Это звучало довольно глупо, но трогательно. Никто еще не предлагал стать моим духом-помощником.
– Где, вы говорите, камень, без которого вам не ожить? – деловито спросила Молли.
– Понятия не имею, где Гарольд его хранит, но попробую выманить. Скажу ему, что камень леди Бланш у меня. Даже если ничего не получится, он хотя бы оставит леди в покое.
– Вы-то чего о ней так переживаете? – подозрительно сощурилась Молли. – Вам-то она не хозяйка.
– Она дама, а я джентльмен, – объяснил я, но Молли не поняла.
– Это вы влюбились в нее, что ли?
– Ой, да что с тобой говорить, – раздраженно отмахнулся я. – Джентльмен должен защищать благородных дам, ясно? Быть рыцарем. Не то чтобы я часто это делал, но…
– Ясно, ясно. Вы даже чуть посимпатичней становитесь, когда так вдохновенно говорите, – одобрила Молли.
– А у тебя прямо тяга к вдохновенным ораторам, – огрызнулся я.
– Это те, что громко орут, что ли?
– Нет. Это те, кто умеет красиво говорить, и мы знаем одного такого.
– Не хочу про него вспоминать, – тут же сникла Молли, и я гордо повел плечами. Последнее слово все-таки осталось за мной. – Сердце он мне разбил, сама не пойму, как я еще жива. Это, видимо, чтобы помочь вам. Так что идемте-ка быстрее, пока я совсем не умерла.

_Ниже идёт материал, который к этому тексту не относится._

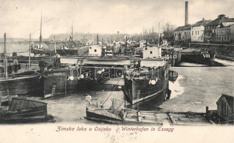 Eszék, Essegg, Osijek; Zimska Luka (Winterhafen) / winter port, Dráva ... https://www.darabanth.com/de/18-Gross-Auktion/18.1/Ansichtskarten-Ungarn/Kroatien~6150/Eszek-Essegg-Osijek-Zimska-Luka-Winterhafen-winter-port-Drava-ships~II853644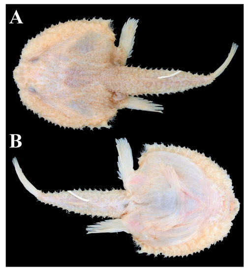 Description. Morphometric and meristic data as given in Table 1, Table 2 and Table 5. Body disk depressed, with skull slightly elevated above surface of disk. Disk sub-triangular, with length subequal to width and anterior margin somewhat truncate (Figure 36). Disk relatively short and narrow as reflected in proportions of skull length, head depth, head width, disk margin, predorsal and preanal lengths.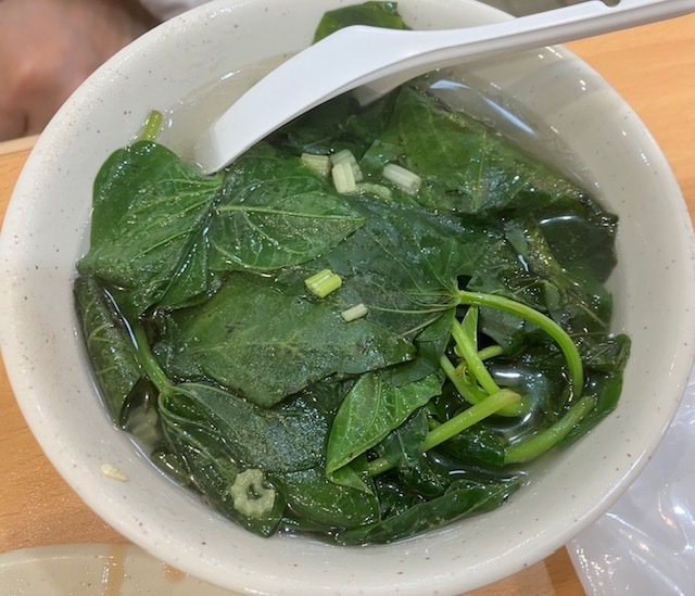 一緒に頼んだ、青菜の炒め物/スープも、ハム?のおかげもあってか、良い塩加...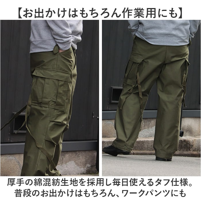 | 商品説明 | 【本格的なミリタリー仕様】米軍M-65フィールドパンツを忠実に再現♪機能性もあるメンズカーゴパンツ。【ポケットがアクセント】沢山の大きなポケットが特徴的なカーゴパンツ。コーデのアクセントや実用性もアリ◎【お出かけはもちろん作業用にも】厚手の綿混紡生地を採用し毎日使えるタフ仕様。普段のお出かけはもちろん、ワークパンツにも【こだわりのディテール】フラップ付きのポケット、コード、サイドのアジャスターなどこだわりのディテールにも注目。【貴重品を入れても安心】フラップポケットはすべて留め具付きなので、貴重品を入れても飛び出さず安心。【裾を絞れるコード付き】裾口を絞ることですっきりとしたシルエットに。ブーツを履くときももたつかずスムーズに完了【より自分サイズに調節】ウエストサイドのアジャスターで、より自分サイズに調節できるのも嬉しいポイント。【シンプルなワンカラー】年代問わず使えるシンプルなワンカラー。様々なスタイルに活躍できるのもGOOD。【様々なコーデに合う】ベーシックなカラーバリエーションでトップスを選ばず着回し力抜群!【ミリタリーが好きな方に】本格的な作りでミリタリーが好きな方にもオススメなアイテム。 |

– Тебя я тоже оживлю, если трилистник соберу, – великодушно сказал я и покосился на нее, чтобы увидеть восхищение и благодарность.
Я всегда любил производить на других впечатление. Правда, никогда не думал, что докачусь до того, чтобы пытаться впечатлить нищую ирландскую воровку и радоваться этому, как ребенок. Как низко я пал.
Но она посмотрела на меня весьма снисходительно.
– Мистер, вы сказку, что ли, плохо слушали? Вернуть можно только одного человека: камни копят-копят силы, забирают у тех, кто их хранит, и тогда могут на кого-то потратить. Я-то и удивилась, когда вы камень к леди Бланш приложили. Подумала, ишь какой вы благородный, на нее силу тратите, вместо того чтоб самому ожить. Влюбились, наверное!
– Кхм. Не влюбился, но да, это и значит быть джентльменом, – промямлил я, чтобы не выдавать себя.
Даже и не подумал бы истратить камень на кого-то еще, если бы помнил, что камень такой маломощный. Молли посмотрела на меня с юмором – так, будто все поняла.
– Честно говорю: жить мне и самой очень хочется, но я смирилась уже как-то со всем этим, а вы – нет, по глазам вижу. И вы же все-таки граф, у вас прав больше, чем у меня. Я, конечно, аристократов всяких терпеть не могу, но для вас исключение сделаю. У вас в семье все полезные: батюшка ваш сотням людей работу нашел, брат помогает мертвым свои дела перед смертью закончить, или, скорей, после смерти, хе-хе. А вы меня спасли. Без вас я бы в том переулке померла, и все. Вы идти мне помогали, подбадривали, доктора хотели найти, к брату отнесли.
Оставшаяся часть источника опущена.